Expect A Positive Open, But A Tight Trading Range

Shailendra Lotlikar / 21 Jan 2013

The markets could pick up from where they ended the previous week. You could see a positive opening but a tight trading range something that is suggested by the way other Asian markets have opened today. Reliance could lend a good push to the indices as investors will now flock back to this stock after the company announced a stellar performance for the December quarter. HDFC will be the stock to watch for, as it is the only frontline company which will be declaring its results today.

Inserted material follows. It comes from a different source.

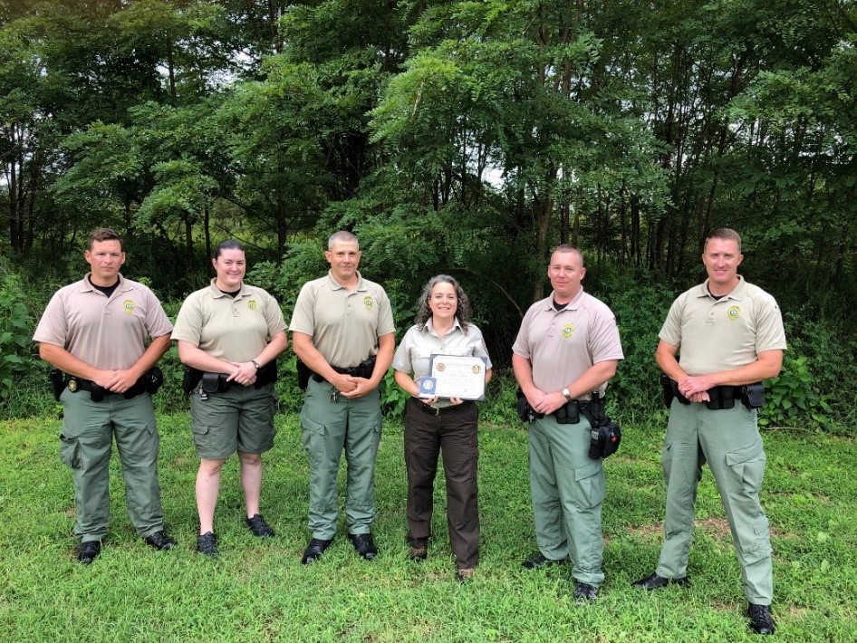 Entrega de moneda O.P.S. – La Gerente del Refugio Rappahannock de los Servicios de Pesca y Vida Silvestre de los Estados Unidos, Kendra Pendault, ha hecho todo lo posible para ayudar tanto a los oficiales del Distrito 11 como a los 16 . Kendra trabajó con el Sgto. Spuchesi para facilitar una reunión entre los Oficiales de Refugios Federales en las áreas circundantes y los Oficiales de la Policía de Conservación para reunirse sobre temas relacionados con el refugio antes de la temporada de caza. Kendra ofrece un espacio de reunión en el refugio para las reuniones mensuales del distrito. Durante la primavera de 2019 los funcionarios del Distrito 11 y 16 necesitaron una rápida reubicación de la oficina debido a las condiciones imprevistas en la oficina actual del distrito.

What a week the past one has been. It kicked off on a good note and the sentiment only kept on improving, thanks to good corporate results that have been coming in. This was not just the case with India but also globally. In fact, the US markets hit a five year high on close last Friday. European markets have been tracking their US peers for a direction for quite some time now, and Asian markets, especially Japan have been consistently adding strength right from the beginning of this year.

So, where do we begin this week from? Obviously, the good times are likely to continue this week too. The market s likely to salute the good set of numbers posted by Reliance on Friday and this could lend a good air of positivity at least to the broader indices today.  In fact, what is more encouraging is that numbers across sectors are emerging to be reasonably good for the December quarter.

Expectations from corporate India on the results front will slowly wane out to be the major trigger for the markets. Having said that, there are a good number of results yet to come out and this will keep the markets engrossed over the next week. The focus will now shift to what the RBI does at its ensuing monetary review meeting. From a confirmed belief that interest rates are set to be brought down, it is now very slowly beginning to be believed that the RBI could probably take a more measured step in that direction. On the other hand, the government has clearly sent signals on how serious it is to take forward the reforms it initiated a couple of months ago. That should help negate any (in)action by the RBI on the reforms front.

What’s in store today? Well, Asian markets have begun the day on a rather weak note. Japan has snapped its two day winning streak and was seen trading in the red. Markets there are probably watching the BoJ (Bank of Japan) very closely as it meets to discuss and decide on the country’s monetary policy. Among others that have been pressured today include Taiwan, Korea, Malaysia and Hong Kong. China, Indonesia and Singapore are trading positive, though only marginally.

As I said earlier, Indian markets are likely to pick up from where they ended the last week. Reliance will be a key trend setter going into this new week. Investors’ are likely to flock to the stock following its good set of numbers and this will keep the broader indices on a strong footing. You could see a positive opening to the markets (though it could lack force taking cues from its Asian peers). HDFC, Tata Elxsi, Shree Cement, Praj Industries and Raymond are among some prominent companies that will be declaring their results today. Apart from HDFC there is none which could have a major impact as such on the market move.

To sum up, you could see the markets open positive and trade in a very tight range for today. There could probably be some cautious optimism on the streets. Results remain the key trigger. The SGX Nifty is trading up 12 points after a rather weak opening. This further reinforces the view of what can be expected from the Indian markets today.